- **WHAT TO DO**
Copy exactly, and only, the lines from the line containing "Для студентов ИДДО" through the last line of the records below, both included, and leave out any pictures.

- **DATA RECORDS**

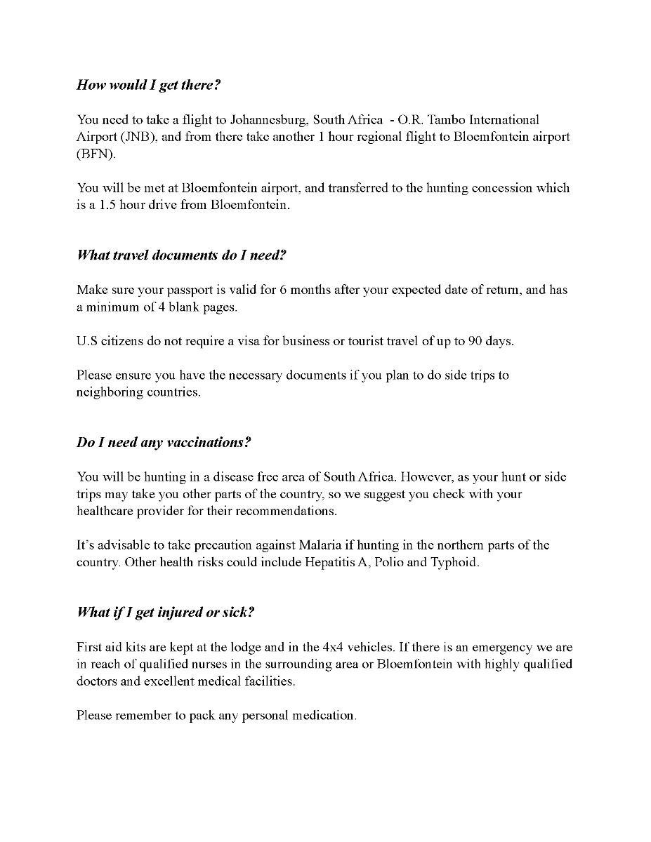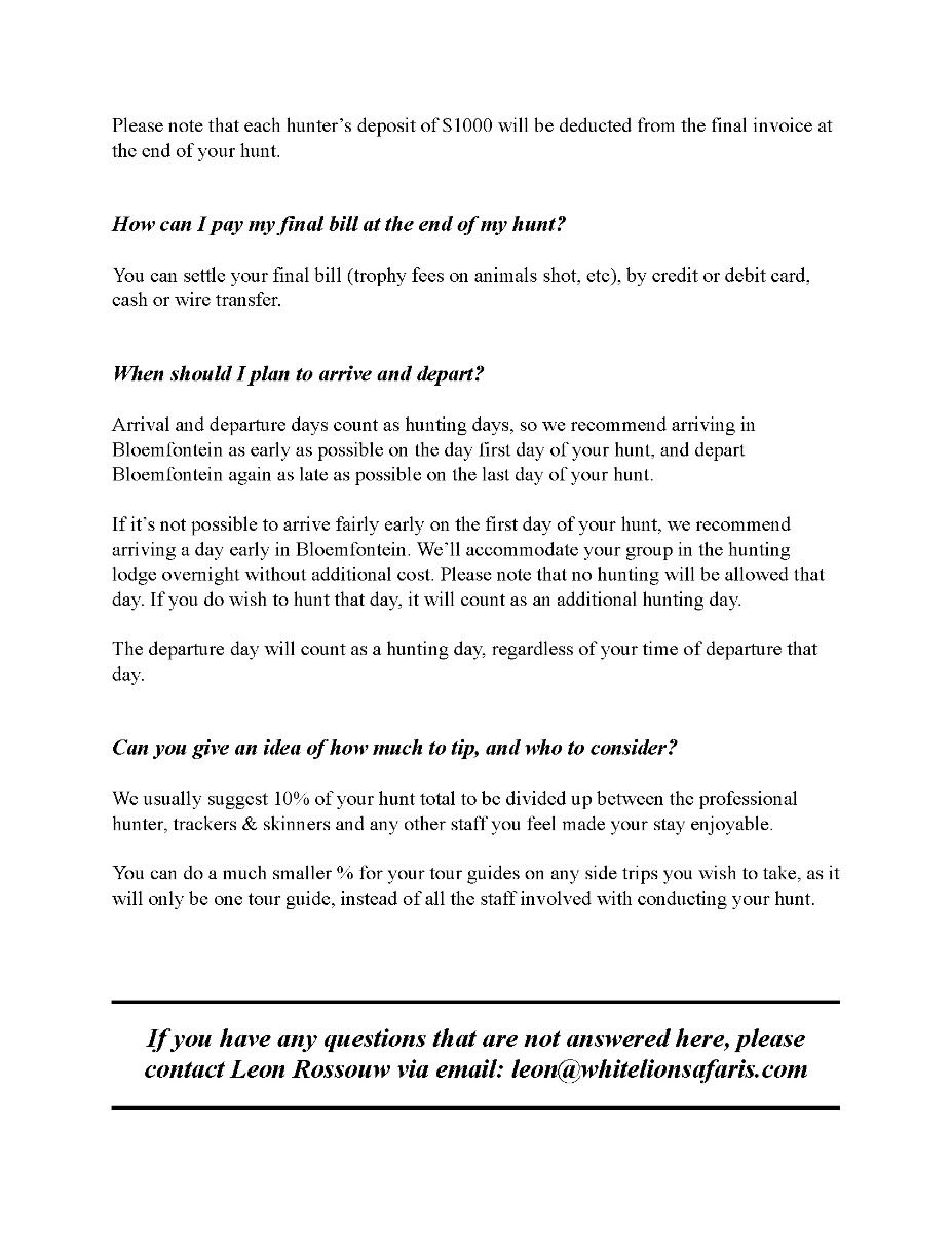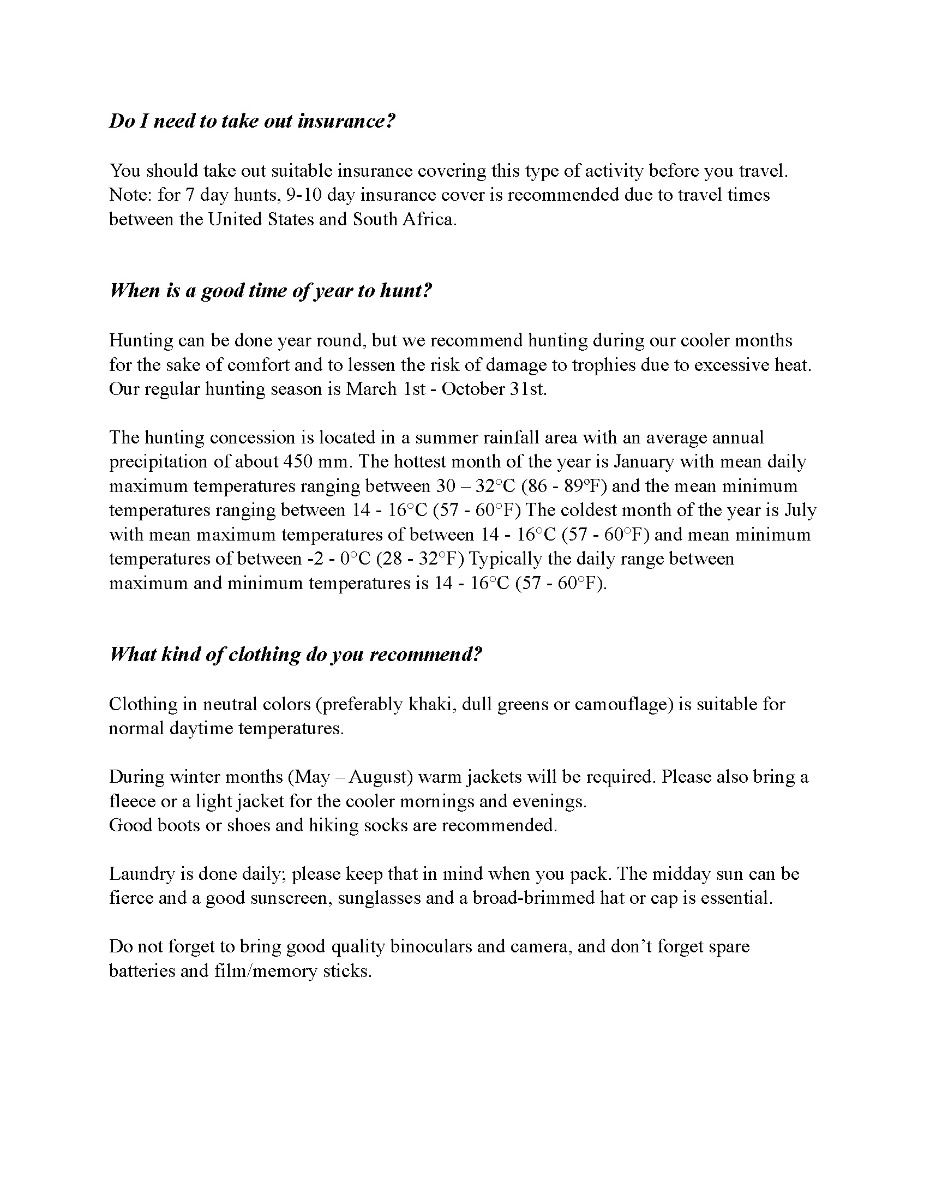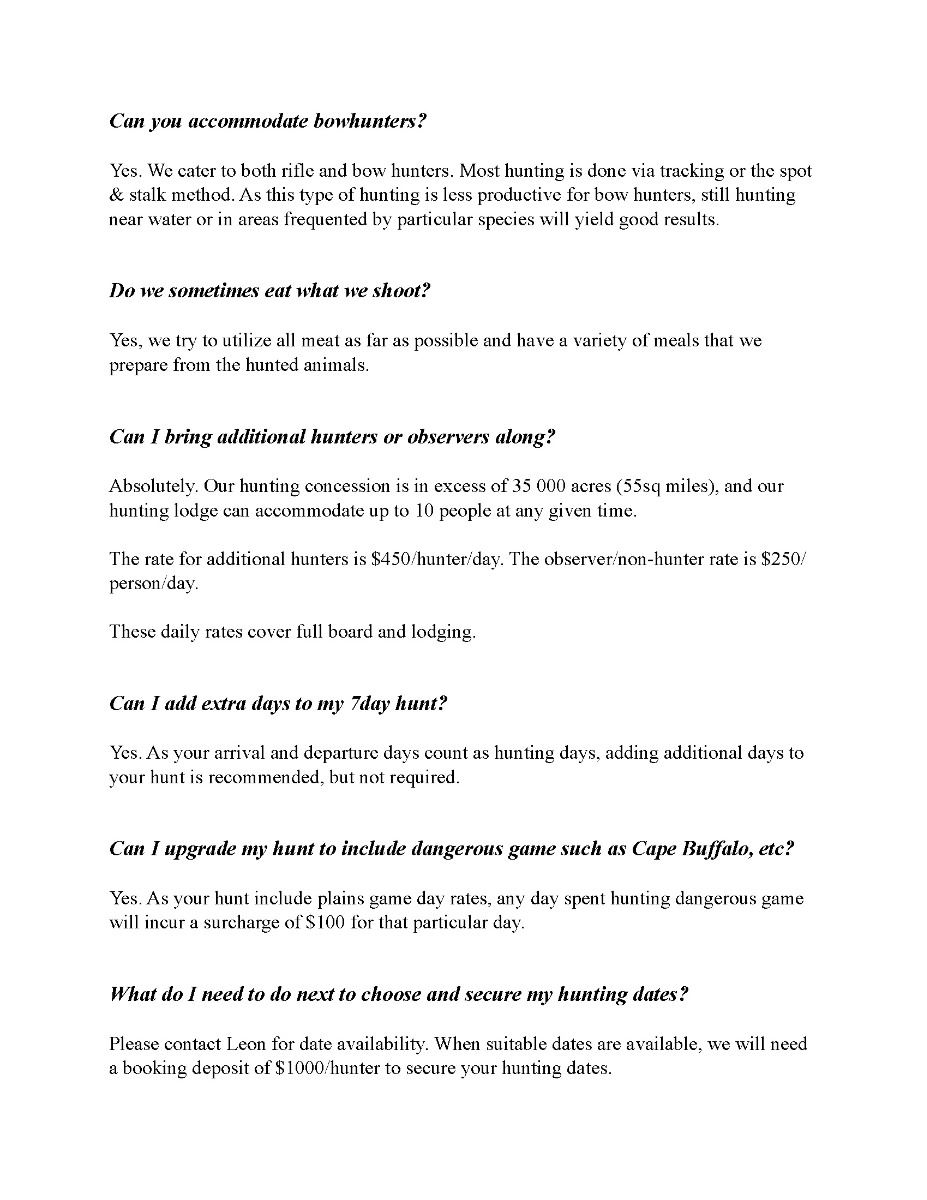 ? All accommodations during the 7 days in a luxury lodge, professional hunter, hunting vehicles as well as back up team, skinners, trackers, field dressing of trophies and delivery to our taxidermist. Exclusions:
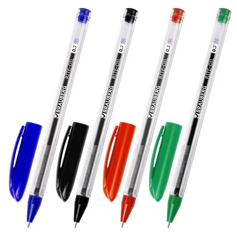 Набор шариковых ручек Brauberg Rite-Oil 4 цвета, 0.35мм, 4шт/уп, прозрачный корпус
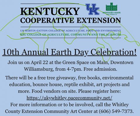 The Whitley County Cooperative Extension Community Arts program will be holding its 10th Annual Earth Day celebration on Monday (April 22) in downtown Williamsburg.
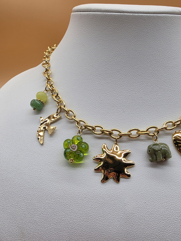 Collier met zon, bloem, olifant, hart, gegraveerde vogel, klaver
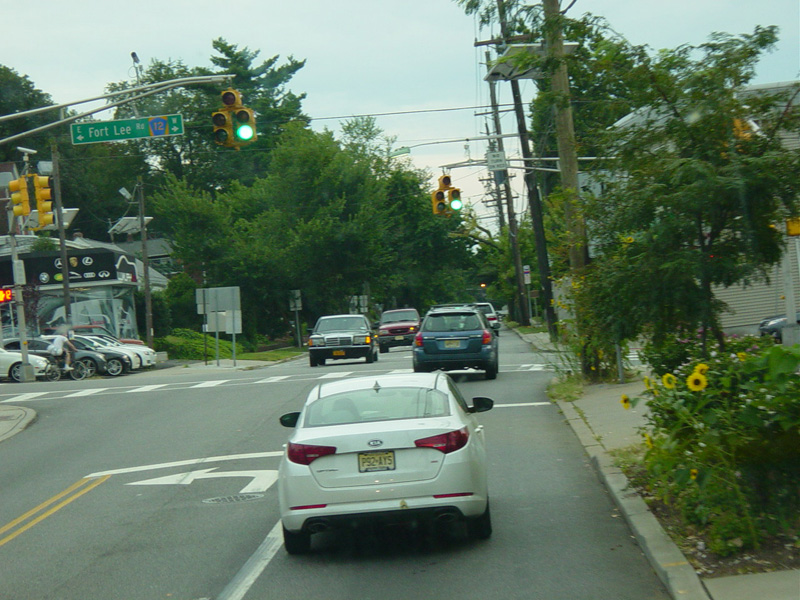 There is a traffic light at Fort Lee Road (CR 12). Turn right for access to the New Jersey Turnpike (I-95).
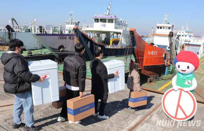 전남선거관리위원회 직원들이 제3회 전국동시조합장선거와 관련, 목포시 북항 선착장에서 섬 지역 순회투표를 위해 투표함을 여객선에 싣고 있다. 사진=전남선관위
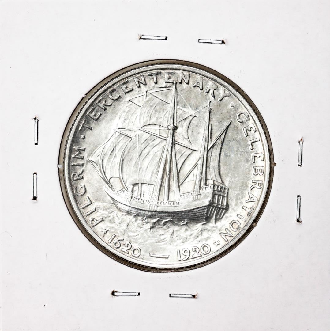 One 1920 Pilgrim Tercentenary Commemorative Half Dollar Coin.
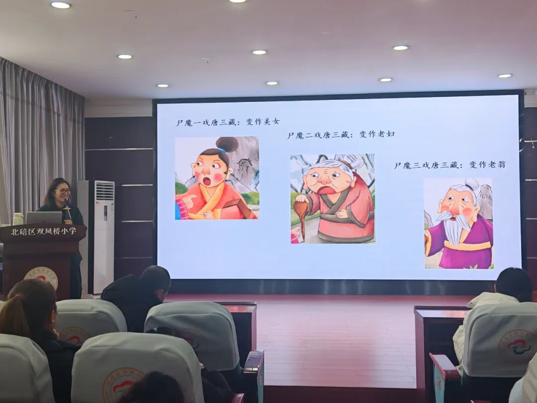 黎老师则围绕《西游记》“三打白骨精”经典片段,以“猜人物、演情节、讲故事”层层推进,让孩子们在游戏中感受孙悟空的机智与勇敢。两位老师精彩的授课,将深奥的名著内涵转化为孩童易懂的语言,将单向的阅读转化为双向的互动,会场始终洋溢着童真与热情,真正实现了“在玩中学,在乐中读”。
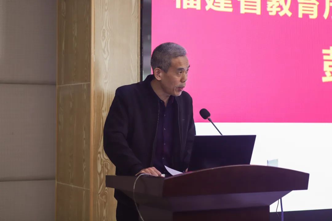 ▲省教育厅体育卫生艺术教育与语言文字处二级调研员彭杰讲话
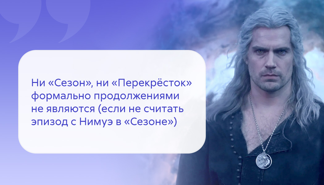 Ну, строго говоря, пан Анджей сдержал слово и сиквелов действительно не пишет. Ни «Сезон», ни «Перекрёсток» формально продолжениями не являются (если не считать эпизод с Нимуэ в «Сезоне»). Стоп-слово сказано и выполняется, сюжет закончен, но в мире ещё много разных историй. Я даже больше скажу, есть значительная категория читателей, которым «зашли» рассказы и гораздо меньше – сага; вполне можно считать, что эти два романа написаны для них, они к саге – никаким боком.
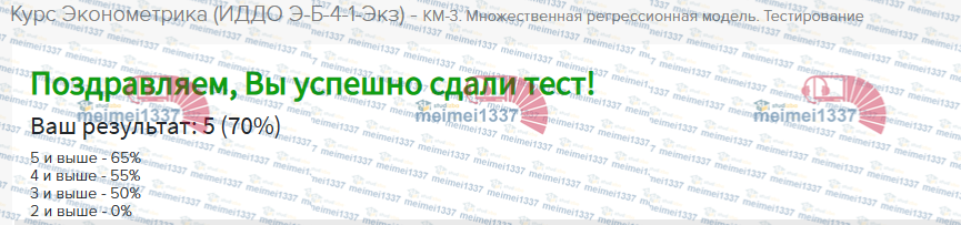 Для студентов ИДДО НИУ «МЭИ» по предмету ЭконометрикаКурс Эконометрика - КМ-3. Множественная регрессионная модель. ТестированиеКурс Эконометрика - КМ-3. Множественная регрессионная модель. Тестирование
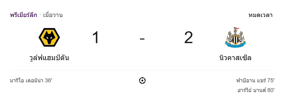 ในศึกฟุตบอลพรีเมียร์ลีก 2024 การแข่งขันระหว่าง วูล์ฟแฮมป์ตัน พบกับ นิวคาสเซิ่ล ยูไนเต็ด ผลออกมาเป็นทีมเยือน “สาลิกาดง” นิวคาสเซิ่ล ที่สามารถเอาชนะไปด้วยสกอร์ 1-2 คว้าชัยชนะสำคัญในนัดนี้
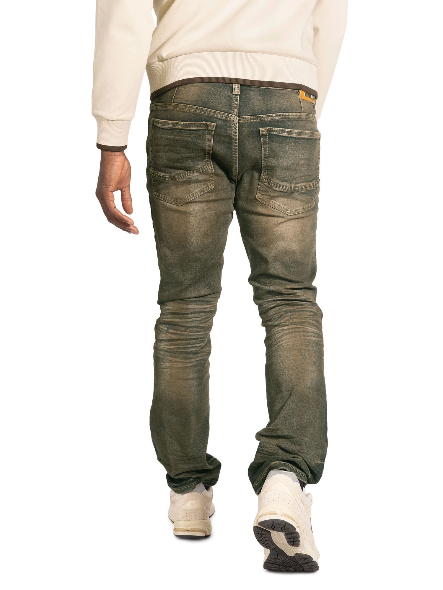 Step up your street style with LORENZINO ripped and repair denim jeans, crafted for an authentic urban edge. Featuring a wash of vintage, antique, and light wash finishes and an olive-tone tint, each pair delivers a unique, worn-in character. Distressed detailing and reinforced repair patches give it that bold, rugged look while maintaining everyday comfort and durability.
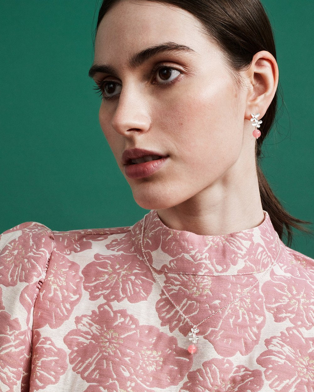 Frail silver buds, strong together. The Pink Ribbon Silver pendant is adorned with a Finnish glass bead, handmade in Helsinki by glass artist Niina Halonen. Oval pea chain, adjustable length 45/50 cm. Spring ring clasp.
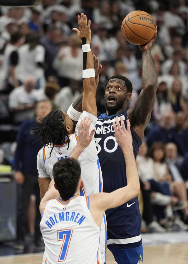 랜들은 지난해 10월 단행된 칼 앤서니 타운스 트레이드 때 뉴욕 닉스를 떠나 미네소타에 둥지를 틀었다. 이적 후 첫 시즌이었던 2024~25시즌에는 69경기에 출전, 평균 20.8점 7.9리바운드 5.2어시스트를 기록했다. CBS스포츠는 '지난 시즌 경기당 평균 18점 7리바운드 4어시스트를 기록한 9명의 선수 중 한 명이었다'며 '플레이오프에서 랜들은 15경기 중 11경기에서 22점 이상 기록했다. 골든스테이트 워리어스와의 서부 콘퍼런스 2라운드에선 구단 프랜차이즈 역사상 두 번째로 포스트시즌 트리플 더블(24점 10리바운드 12어시스트)을 달성한 선수가 됐다'라고 활약을 조명했다.

- **SOLUTION FOR THIS EXERCISE**
 Для студентов ИДДО НИУ «МЭИ» по предмету ЭконометрикаКурс Эконометрика - КМ-3. Множественная регрессионная модель. ТестированиеКурс Эконометрика - КМ-3. Множественная регрессионная модель. Тестирование
 ในศึกฟุตบอลพรีเมียร์ลีก 2024 การแข่งขันระหว่าง วูล์ฟแฮมป์ตัน พบกับ นิวคาสเซิ่ล ยูไนเต็ด ผลออกมาเป็นทีมเยือน “สาลิกาดง” นิวคาสเซิ่ล ที่สามารถเอาชนะไปด้วยสกอร์ 1-2 คว้าชัยชนะสำคัญในนัดนี้
 Step up your street style with LORENZINO ripped and repair denim jeans, crafted for an authentic urban edge. Featuring a wash of vintage, antique, and light wash finishes and an olive-tone tint, each pair delivers a unique, worn-in character. Distressed detailing and reinforced repair patches give it that bold, rugged look while maintaining everyday comfort and durability.
 Frail silver buds, strong together. The Pink Ribbon Silver pendant is adorned with a Finnish glass bead, handmade in Helsinki by glass artist Niina Halonen. Oval pea chain, adjustable length 45/50 cm. Spring ring clasp.
 랜들은 지난해 10월 단행된 칼 앤서니 타운스 트레이드 때 뉴욕 닉스를 떠나 미네소타에 둥지를 틀었다. 이적 후 첫 시즌이었던 2024~25시즌에는 69경기에 출전, 평균 20.8점 7.9리바운드 5.2어시스트를 기록했다. CBS스포츠는 '지난 시즌 경기당 평균 18점 7리바운드 4어시스트를 기록한 9명의 선수 중 한 명이었다'며 '플레이오프에서 랜들은 15경기 중 11경기에서 22점 이상 기록했다. 골든스테이트 워리어스와의 서부 콘퍼런스 2라운드에선 구단 프랜차이즈 역사상 두 번째로 포스트시즌 트리플 더블(24점 10리바운드 12어시스트)을 달성한 선수가 됐다'라고 활약을 조명했다.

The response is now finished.